Gastroserica vindenensis

Scientific classification
- Kingdom: Animalia
- Phylum: Arthropoda
- Class: Insecta
- Order: Coleoptera
- Suborder: Polyphaga
- Infraorder: Scarabaeiformia
- Family: Scarabaeidae
- Genus: Gastroserica
- Species: G. vindenensis
- Binomial name: Gastroserica vindenensis Ahrens & Fabrizi, 2018

= Gastroserica vindenensis =

- Genus: Gastroserica
- Species: vindenensis
- Authority: Ahrens & Fabrizi, 2018

Species of beetle

Gastroserica vindenensis is a species of beetle of the family Scarabaeidae. It is found in Vietnam.

==Description==
Adults reach a length of about 8.2–8.3 mm. They have a reddish brown, oval body.

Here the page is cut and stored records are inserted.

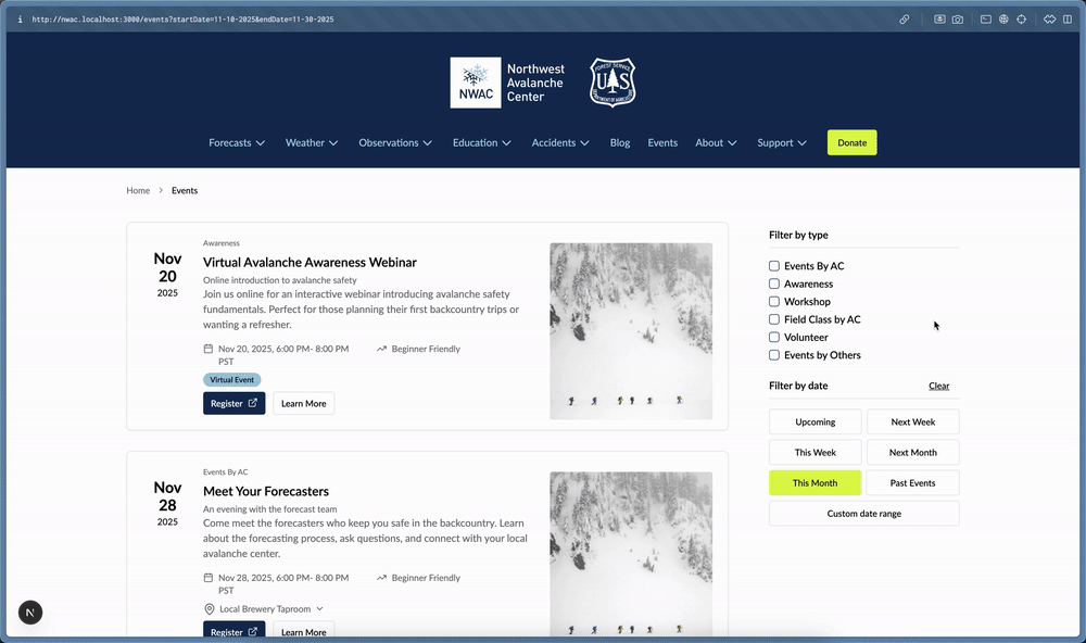 - Location Based Events: When a center, or avalanche course provider, creates an event it will live in a global collection of data that filters into each centers site based on location parameters.
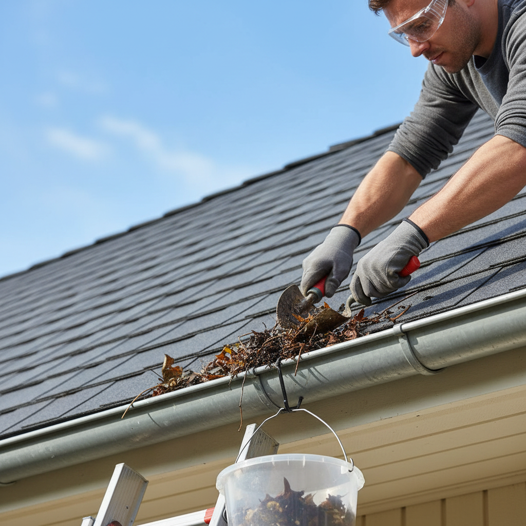 - Remove Large Debris: Starting at one end of a gutter section, use your gloved hands or a small trowel to scoop out larger pieces of leaves, twigs, and muck. Deposit the debris into your bucket. Work slowly and methodically along the entire length of all gutters.
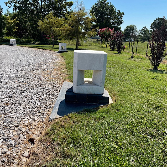 The white marble cuboids with cutouts are light fixtures. They remind me of Japanese lanterns, but they are very modern looking.
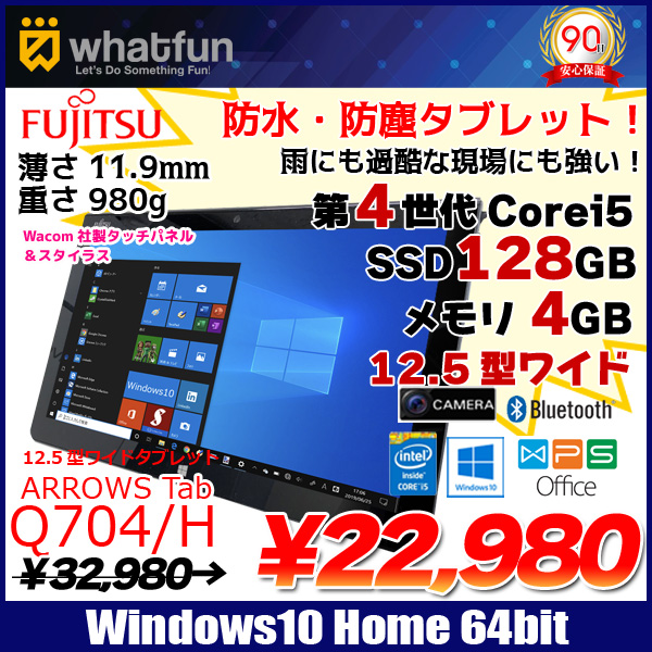 【中古パソコン】富士通 ARROWS Tab Q704/H 中古 防水 タブレット Win10 [corei5 4300U 1.9GHz 4GB SSD128GB 無線 BT カメラ 12.5型 ペン付] :アウトレット

The antennal shaft, pronotum and head are yellowish, while the frons, two indistinct large spots on the disc of the pronotum and antennal club are dark, the frons and pronotum with a weak iridescent shine. The dorsal surface is weakly shiny and sparsely covered with short setae and with moderately dense, longer, erect setae interspersed.

==Etymology==
The species is named after its type locality, Vin Den.